Молча, не произнося ни звука, рукой указываю на нужный кабинет.
— Ты записана сегодня на прием или это экспромт и, — мама приглядывается к табличке на двери, — уважаемый эксперт не в курсе, какой ему сейчас достанется нервный экспонат?
Мама тихо смеется и громко вздыхает. Понимаю, что она тоже устала от меня.
— Да. Я предварительно записалась и подтвердила в регистратуре.

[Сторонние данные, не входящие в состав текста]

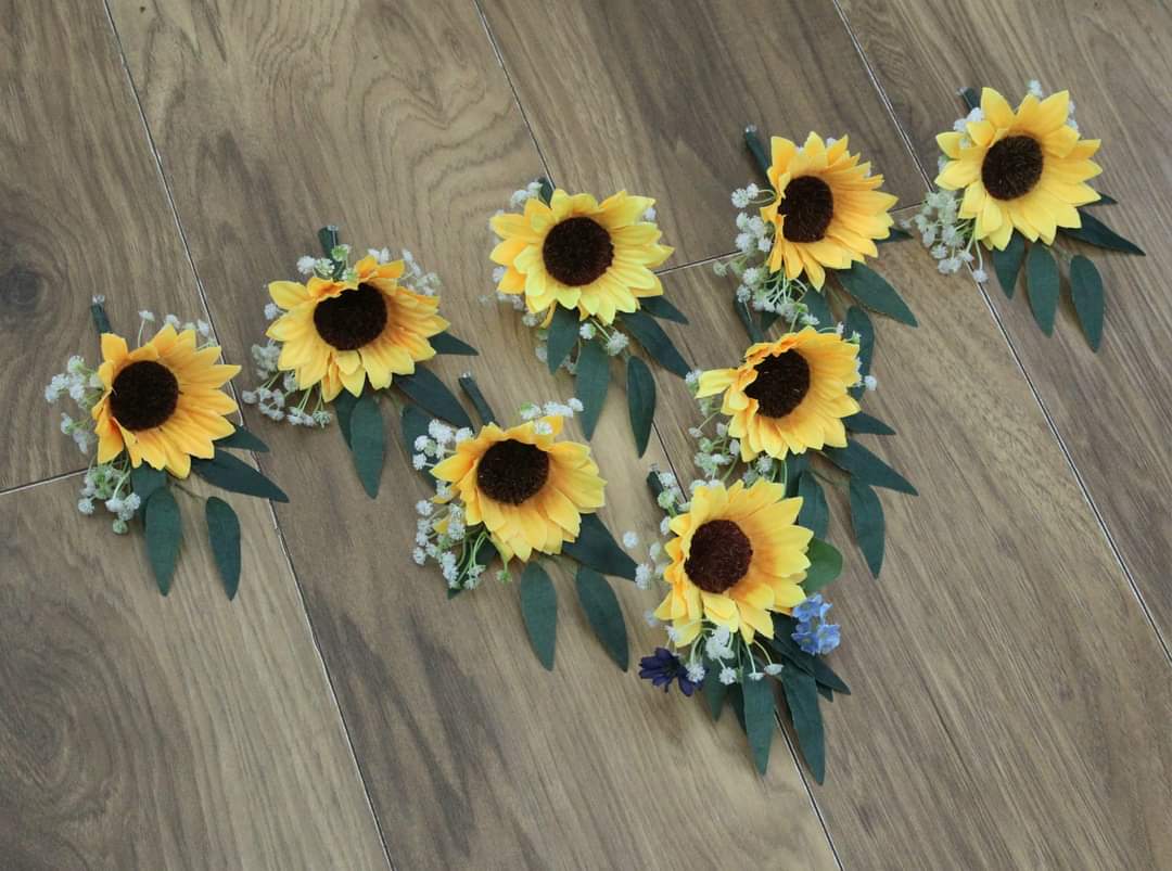 -Single sunflower buttonholes contains gypsophila, willow leaves and a sunflower.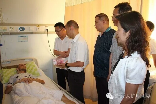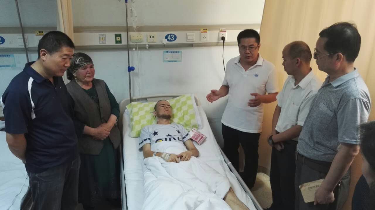 7月11日中午,自治区畜牧厅“访惠聚”工作队的代表专程来到新疆医科大学一附院,看望乃比·卡迪尔同学,并转交了爱心捐款。他66岁的姥姥已泣不成声,对着前来探望的人们连连鞠躬表谢:“热合买提,热合买提,大家救了我孩子的命,我和孩子一辈子忘不了你们的好!”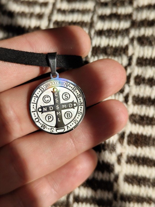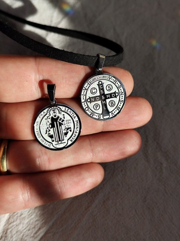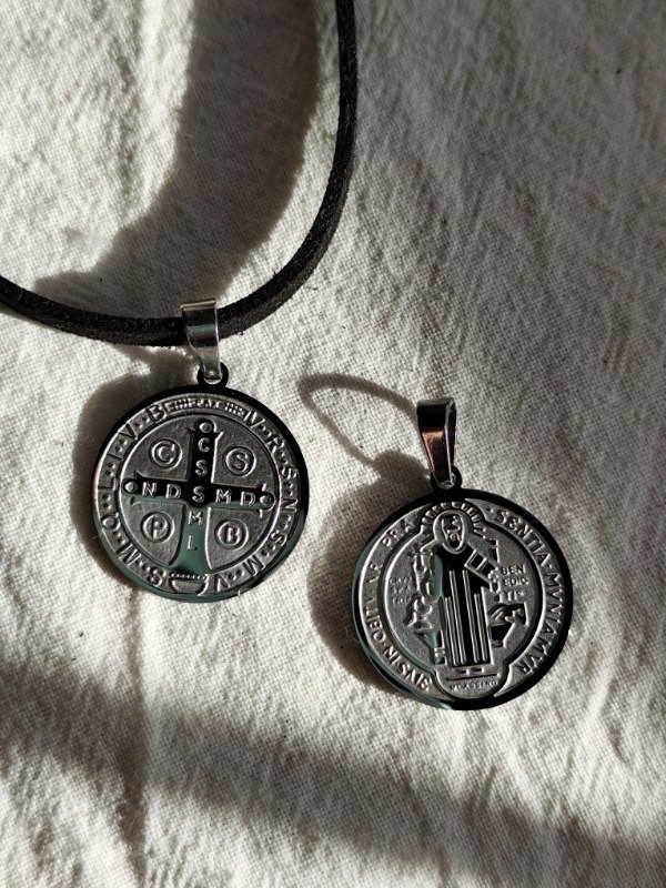 Acero quirúrgico. Grabado en relieve. Incluye cordón de gamuza.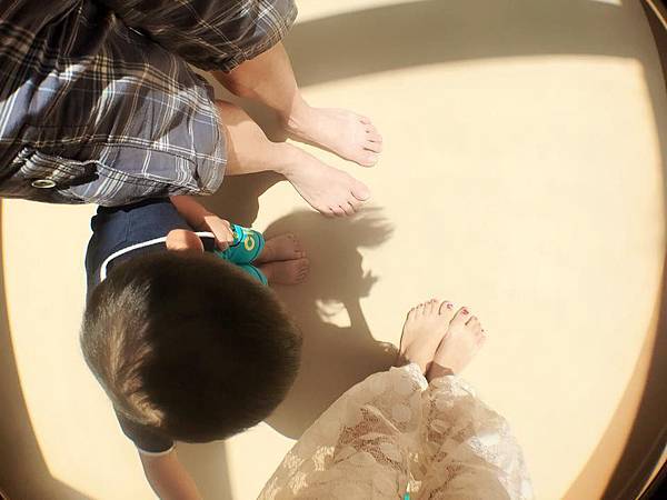 發現地上的陽光很溫暖,寶寶要我們一起跟他踩踩看😆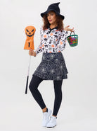 Made from soft, moisture-wicking, breathable fabric, it will keep you cool and comfortable all day long. The 4-way stretch ensures a perfect fit and freedom of movement, so you can dance and celebrate without any restrictions. The playful pumpkin and cat design is perfect for Halloween parties or everyday wear.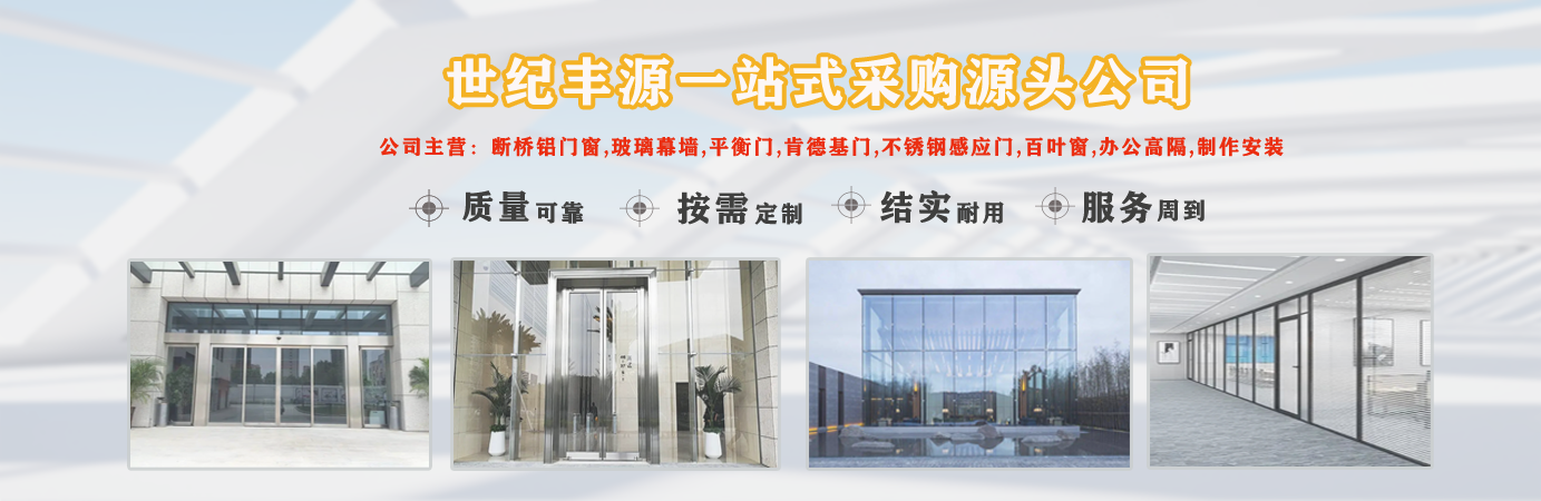 天津世紀豐源門窗有限公司從事斷橋鋁門窗,玻璃幕墻,平衡門,肯德基門,不銹鋼感應門,百葉窗,辦公高隔,制作安裝一站式訂制生產及配套服務等。 公司自成立以來,始終堅持以人才為本、誠信立業的經營原則,薈萃業界精英,成熟的技術、管理方法及企業經驗與國內企業的具體實際相結合,為企業供給各個方面的解決方案,使企業在激烈的市場競爭中始終堅持競爭力,實現企業快速、穩定地發展。 質量好、服務好、才能信譽好,公司已在諸多領域取得輝煌成績,愿意成為您可信賴的長期合作伙伴。 讓我們攜手同行,共同實現“讓普通老百姓都用得上高端門窗”...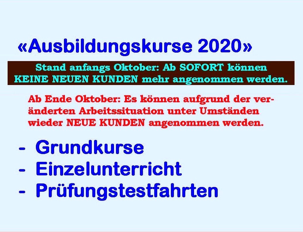 Damit entspannt sich auch die Lage in meiner Agenda. Es gibt wieder vereinzelt «Löcher», welche für neue Fahrschüler/innen zur Verfügung stehen. Da nach wie vor eine sehr grosse Nachfrage nach Kursplätzen besteht, könnte ich mir vorstellen, allenfalls vereinzelt lernwillige A1-Kandidat(inn)en noch vor dem Winter anzunehmen. Da der Teil 2 individuell stattfindet, werden wir für den Teil 1 und Teil 2 des Fahrzeugbeherrschungskurs bestimmt entsprechende Kurstage mit dem notwendigen Wetter finden können. |

— Он репродуктолог? Здесь, — указывает рукой на дверь, — не указана его специализация, малыш. Поэтому…
— Гинеколог-эндокринолог.
— Понятно. Значит так,…
Она разворачивает любимую «золотую куклу Прохорова» к себе лицом и, глядя прямо мне в глаза, командным тоном выдает:
— … сегодня, дорогая и любимая дочь, просто плановый осмотр. Просто! Как обычно! Никаких вынужденных гормональных анализов, никаких биопсий, лапароскопий, всякой инвазивной чуши. Я — мать, а значит, пока еще имею право голоса, хоть тебе уже и много лет. Консультация и обычный прием. Привет-пока, все ли у меня в порядке, УЗИ, жалобы, осмотр. Все! Я сказала!
— Мам… — как будто я напрашиваюсь на все те жуткие процедуры, о которых вечерами в тайне от Максима читала, пока он был занят или спал. — Пожалуйста, это важно… Я думала, что ты меня поддержишь, поэтому и позвала тебя. Максим не поймет, и он — мужчина…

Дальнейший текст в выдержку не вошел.